“Hâzâ min fadli Rabbî.”

KUR’ÂN-I HAKÎM, semavî fermanlarıyla bizi varoluş hikmetimize uygun şekilde yaşamaya çağırırken, yolumuzda duran iki tehlikeye de dikkat çeker: Yahudiler ve Hıristiyanlar sözkonusu edilirken dikkatimiz çekilen iki ayrı tehlike... Her iki grup da, resullere ve semavî kitaba muhatap olmuş; ama zamanla, iki zıt yönde sapma yaşamışlardır. Meselâ Yahudilerde, cemalsiz bir celâl; Hıristiyanlarda ise, celâlsiz bir cemal sözkonusudur. Biri Musa ile gelen ilahî şeriatın hem içini boşaltmış, hem de Hz. Yahya’yı öldürme ve İsa aleyhisselâmı öldürmeye teşebbüs etme örneğinde görüldüğü üzere, bu şeriatı ruhsuz ve merhametsiz bir muhtevaya büründürmüştür. Hıristiyanlar ise, tam aksi bir tavırla, zaman içinde Hıristiyanlığı ‘şeriatsız bir din’ haline getirmişlerdir. Yahudiler hak dinden nefis-eksenli bir yorumla sapmış; buna mukabil, Hıristiyanların geliştirdiği ‘ruhbaniyet,’ nefsi kontrol adına, verilmiş bazı kabiliyetleri de öldürme çizgisine ulaşmıştır.

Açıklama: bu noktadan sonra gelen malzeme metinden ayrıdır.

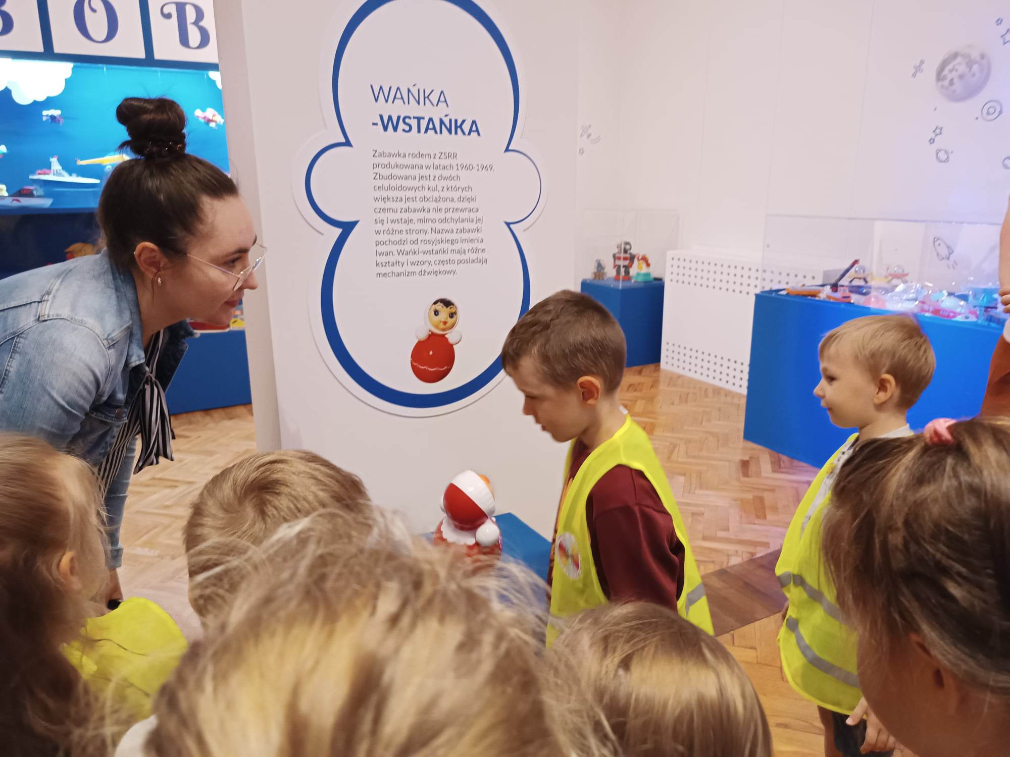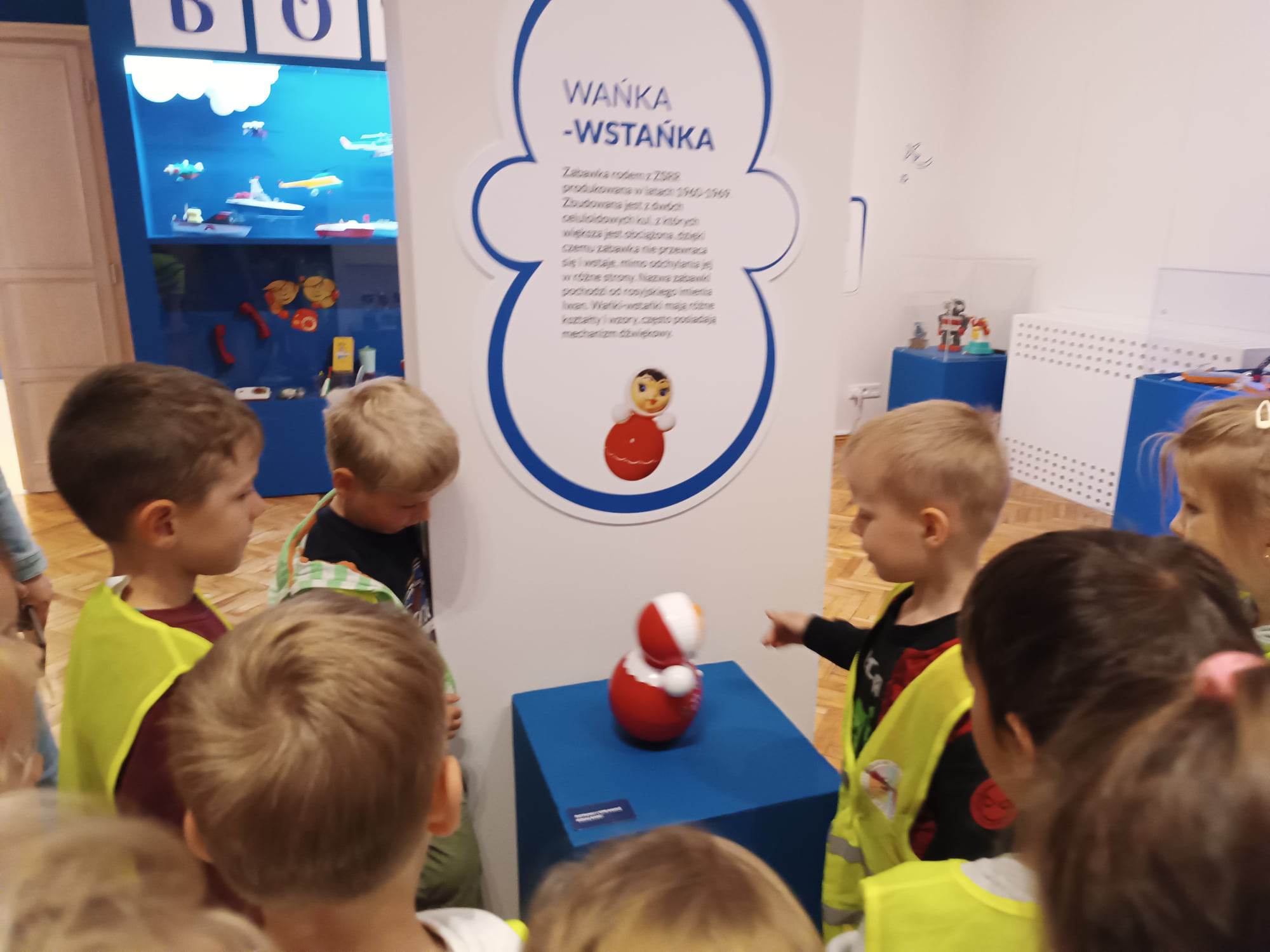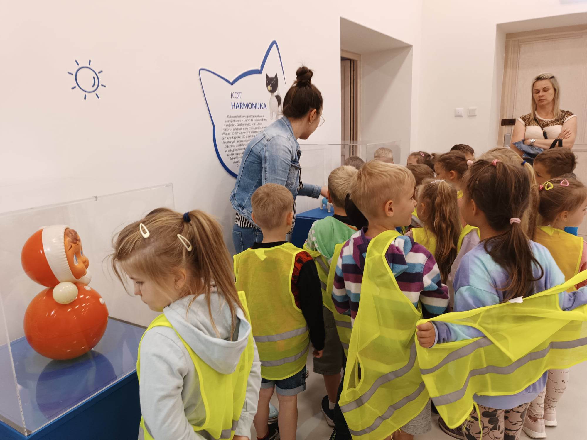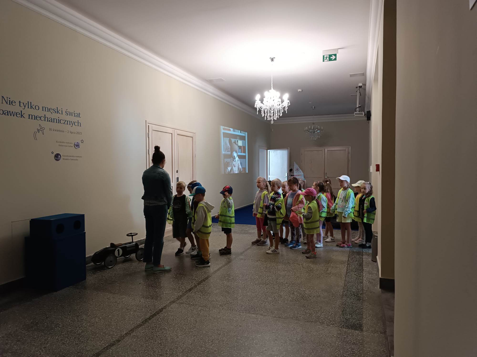 12.06.2023 r. przedszkolaki z grupy „Motylki“ uczestniczyły w wycieczce do Galerii Malarstwa Alfonsa Karpińskiego, by obejrzeć wystawę pn. „Nie tylko męski świat zabawek mechanicznych.“ Ta wyjątkowa interaktywna ekspozycja pozwoliła dzieciom przenieść się w świat zabawek sprzed lat. Dzieci mogły zobaczyć kolorowe zabawki z wbudowanymi mechanizmami, drewniane, metalowe oraz z plastiku, jakimi bawili się ich rodzice, czy dziadkowie. „Motylki“ dowiedziały się, jak wyglądała wańka-wstańka, kot Harmonijka, metalowy bączek, zdalnie sterowane auta, czy gra „Koło fortuny“. Mogły pobawić się niektórymi zabawkami. Oglądnęły także film „Przygody Misia Uszatka”. Na pewno ten dzień zostanie na długo w pamięci naszych „Motylków“.

Nebîlere ve semavî kitaplara muhatap olup zamanla böylesi bir bozulma yaşayan her iki zümrenin serüveni, aslında tüm insanlığın ve her bir insanın her daim yüzyüze olduğu bir problemi ele verir. Gerçi insan, hayır-şer, hidayet-dalâlet, iman-küfür gibi bir ikilemle karşı karşıyadır. Ama bu denklemlerin menfi kısmında bir değil, iki seçenek vardır: ifrat ve tefrit. Bu yüzden, iman-küfür, hayır-şer, hak-bâtıl denklemini kurduktan sonra, dengeyi korumak için, küfür, şer ve bâtıl tarafının hem ifrat, hem tefrit boyutunu da açımlamamız gerekmektedir.

Sözgelimi, akıl bize verilmiş bir imkândır. Denge hali, onu Vereni bilmek; o aklı, onu Verenin veriş amacına uygun biçimde kullanmaktır. Aklımızı kendimize mal etmek açık bir sapmadır. O denli göze çarpmayan bir diğer sapma ise, bu sapmaya düşme korkusuyla aklı hiç kullanmayıp heder etmektir. Her iki halde de, ‘hikmet’e ulaşılmamaktadır.



Keza, insana güzel şeyler karşısında bir iştiha verilmiştir. İnsanın yaşadığı âlemle bağ kurup, Rabbimizin o âlemdeki mevcutlar üzerinde görünen güzel isimlerini okuması için verilmiş bir iştihadır bu. Bu duyguyu böylesi bir biçimde kullanmak bir ‘denge hali’nin ifadesi iken, madalyonun öbür yüzünde yine ikili bir sapma beklemektedir. Bu duyguyu haram-helâl tanımadan herşeye saldırarak, ve onu asla Rabbimizin güzel isimlerine yöneltici bir vesile kılmaksızın kullanmak, sapmanın ‘ifrat’ boyutudur. Tefrit boyutunda ise, ifrata düşme korkusuyla bu duyguyu kullanmayıp öldürme çabası vardır. Birbirine zıt gibi görünen her iki hal, aslında aynı sonucu vermektedir: İkisinde de, cismanî güzelliklerin Cemîl-i Zülcelâl ile nisbeti kesilmiştir. İkisinde de, şu kâinatın içindeki mevcudat, güzelliğiyle O’nun mutlak güzelliğini bildiriyor değildir.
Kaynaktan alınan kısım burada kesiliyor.